Don Bosco, “missionario della Chiesa”
“Mettiamo il nostro sassolino nel grande edificio della Chiesa” così affermava nel progettare la prima spedizione missionaria. L’evangelizzazione dei poveri, la costruzione della Chiesa: sono gli obiettivi concreti del suo progetto. L’ecclesiologia del tempo portava ad approfondire la dimensione universale della Chiesa. Richiamati in Italia dal Concilio Vaticano I, numerosi vescovi missionari alimentarono entusiasmo per le missioni e per la vocazione missionaria nel cuore della gente e di tanti giovani in tutte le parti d’Italia. In tanti cercano don Bosco e i suoi Salesiani per rispondere ad esigenze di educazione e di vangelo tra i giovani delle loro diocesi. I sogni missionari, ben cinque, gli fanno intuire il graduale sviluppo mondiale della sua opera. La gloria di Dio e l’amore immenso per la Chiesa proiettano don Bosco nella grande impresa dell’evangelizzazione ecclesiale. Il primo gruppo che parte viene scelto da don Bosco tra i suoi uomini migliori. Alla Chiesa si da con generosità. Scegliendo il meglio. E poiché centro di comunione ecclesiale è il Papa, don Bosco vuole che i suoi missionari partenti si rechino a Roma dal Papa per essere investiti nel mandato missionario dalla sua benedizione.

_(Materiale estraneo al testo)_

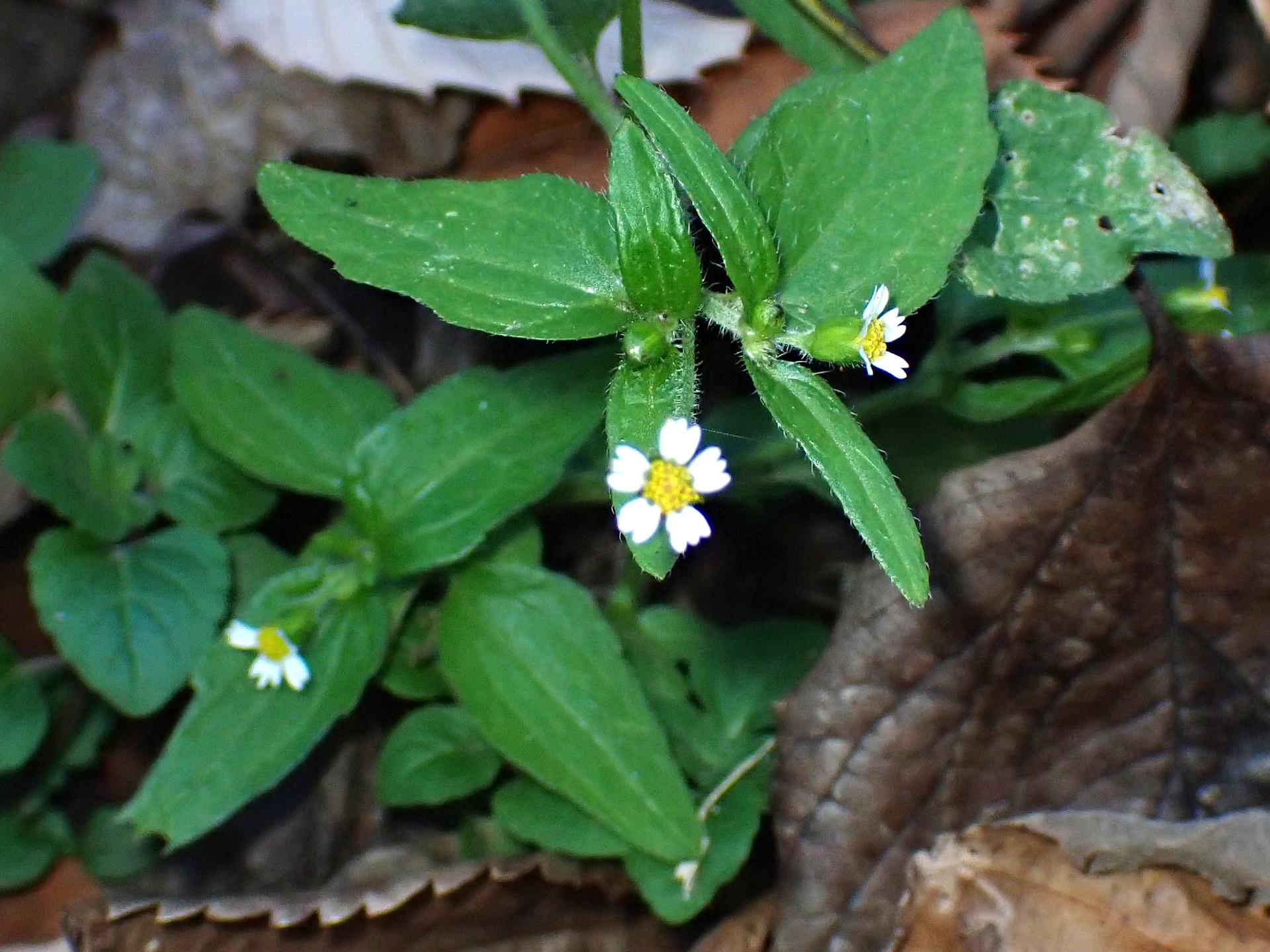 散歩道の側に ハキダメギク を見付けました。
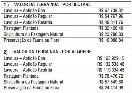 "Para levantamento dos dados utilizou-se a tabela do Deral/Seab, transações, ofertas e opiniões do mercado imobiliário rural, acrescido de correção inflacionária e valorização da terra agrícola, em conformidade com as nuances de cada aptidão agrícola correspondente ao solo na região do Município de Campo Mourão".
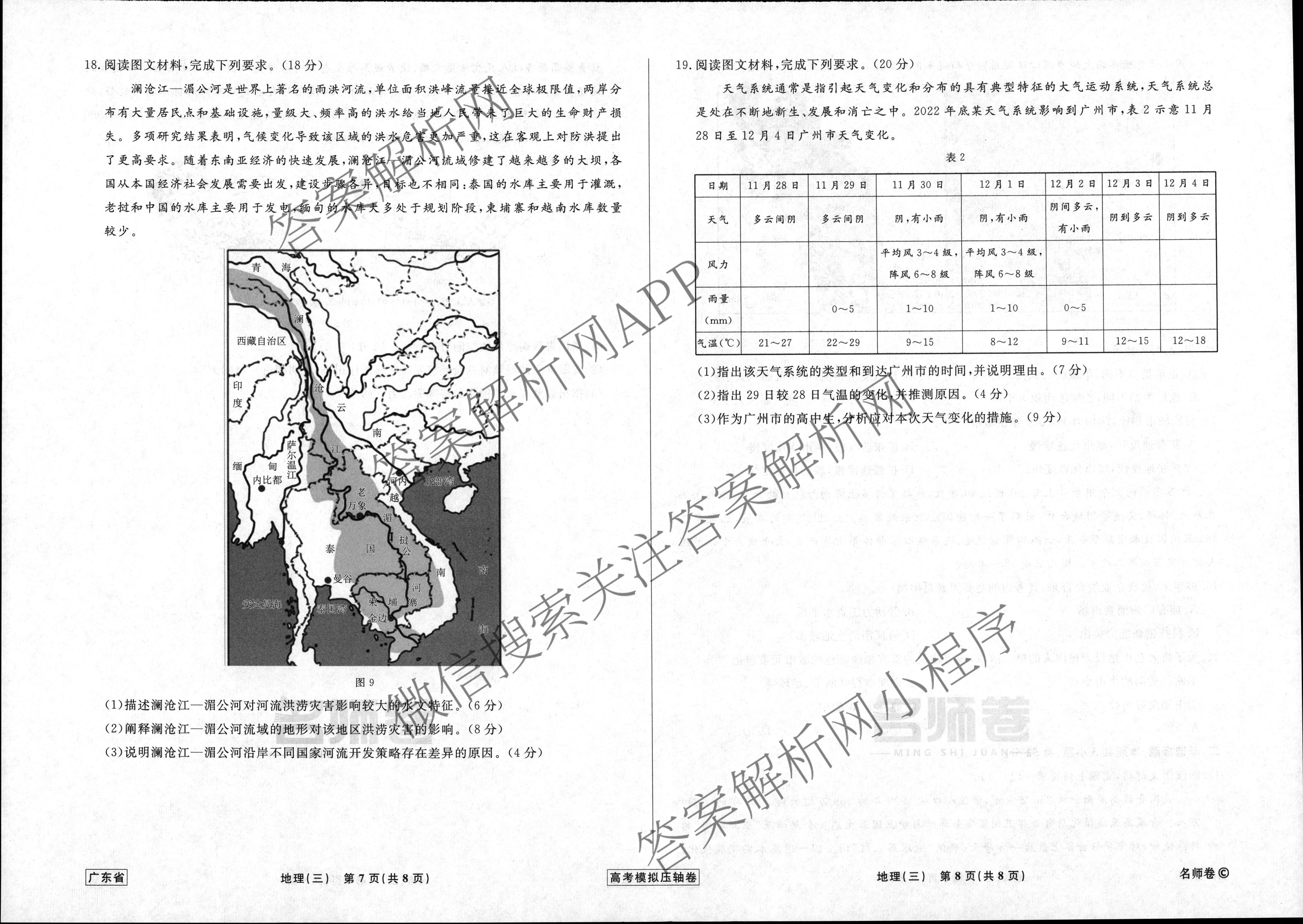 - 2022~2023高三衡水名师卷高考模拟压轴卷 地理(广东)(三)3答案

Caratteristiche salesiane nel lavoro missionario
Le strategie con cui i Missionari salesiani si inseriscono nell’evangelizzazione e nella promozione umana sono quelle sperimentate dell’educazione e della preferenza verso il mondo giovanile. Queste strategie consentono di assumere i valori, le speranze e le difficoltà dei popoli con cui vengono a contatto.

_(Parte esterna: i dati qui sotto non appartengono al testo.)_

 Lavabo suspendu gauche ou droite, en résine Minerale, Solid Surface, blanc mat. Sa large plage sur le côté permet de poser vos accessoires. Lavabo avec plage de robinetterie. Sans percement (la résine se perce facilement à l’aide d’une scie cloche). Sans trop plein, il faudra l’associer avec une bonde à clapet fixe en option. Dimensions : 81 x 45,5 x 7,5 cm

Un tratto tipico della vocazione salesiana e missionaria è la dimensione comunitaria. Si parte in gruppo per le missioni: sono pensate come autentiche spedizioni di più persone e sono già 132 al 2002). Si vive in comunità, si creano nuove comunità, si educa e si evangelizza come comunità. L’azione del singolo “pioniere” è riportata alla comunità.
I primi missionari sono dei giovani, entusiasti con don Bosco per la causa del Vangelo. Portano la creatività, la donazione totale e il coraggio proprio dei giovani. In seguito, per facilitare il loro inserimento culturale e le capacità di comunicazione e relazione, dove è possibile, la formazione per tanti giovani missionari avviene negli stessi territori di missione.

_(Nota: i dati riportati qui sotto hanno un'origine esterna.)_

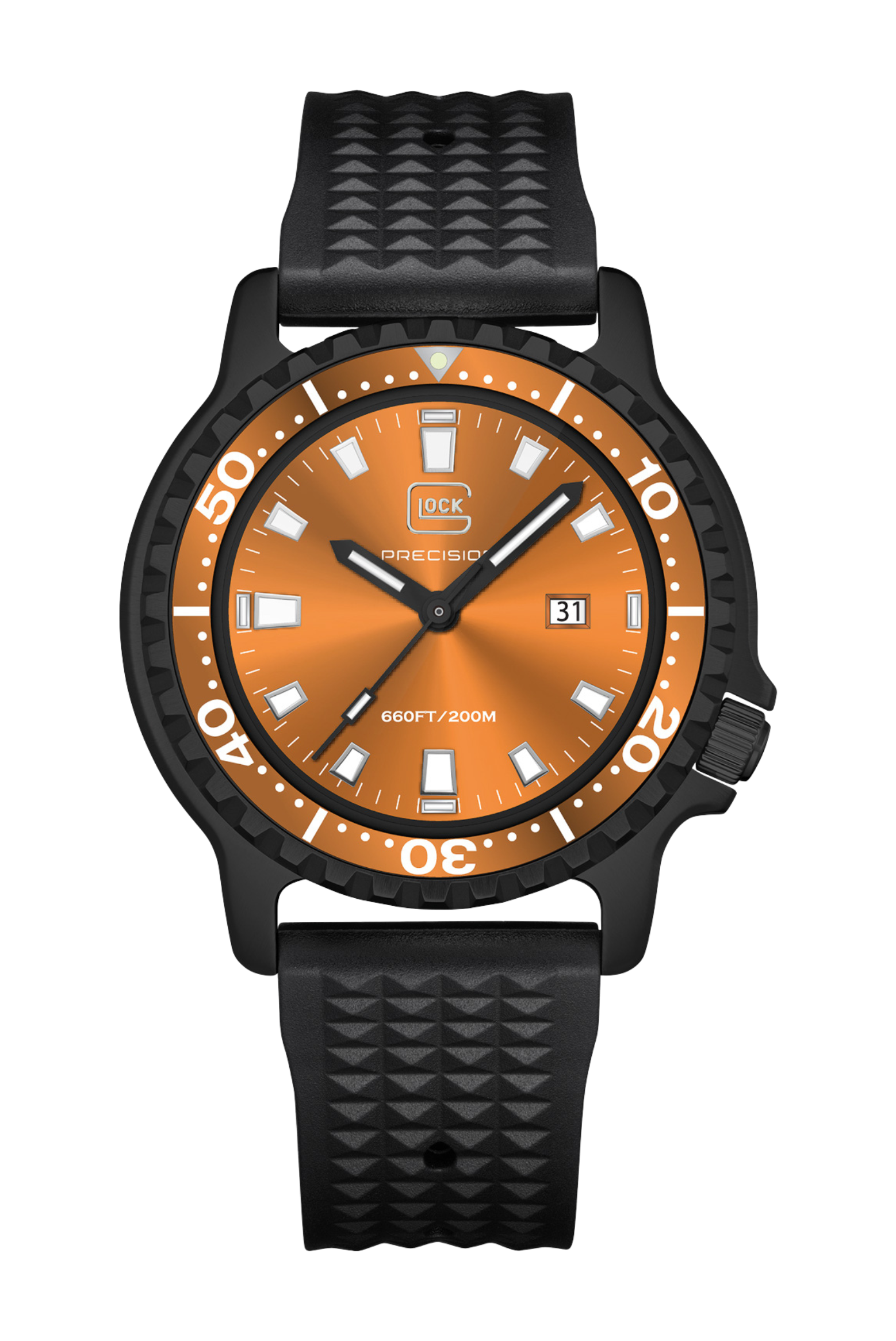 Bold aesthetics meet uncompromising performance in this diver-style timepiece. The matte black stainless steel case surrounds a vivid orange dial that commands attention while ensuring optimal readability beneath any light condition. White-accented hands and indices stand out sharply against the dial, enhanced by Trigalights® at the 12, 3, 6, and 9-hour positions and Swiss Super-LumiNova® on the remaining markers. The black silicone strap offers lasting comfort and durability, perfectly complementing the watch’s dynamic character. Driven by a precise Swiss movement and water-resistant to 20 ATM, this watch unites functionality, resilience, and the unmistakable confidence of GLOCK design.

Le istituzioni educative vincenti che i Missionari di don Bosco portano alla gioventù di ogni parte del mondo sono soprattutto l’Oratorio e il Centro di formazione professionale.
Poiché la missione è compito di ogni cristiano, nel suo progetto missionario don Bosco suscita il coinvolgimento dei gruppi della Famiglia Salesiana. Lettere circolari alle Case e ai Cooperatori, il Bollettino Salesiano, la testimonianza dei missionari… sono stati e continuano ad essere mezzi favorevoli per informare, animare e alimentare sensibilità, vocazione missionaria e cooperazione. Diversi gruppi stessi della Famiglia Salesiana devono il loro essere al carisma di missionari salesiani, come risposta ad urgenze di Chiesa e di Vangelo in determinati contesti.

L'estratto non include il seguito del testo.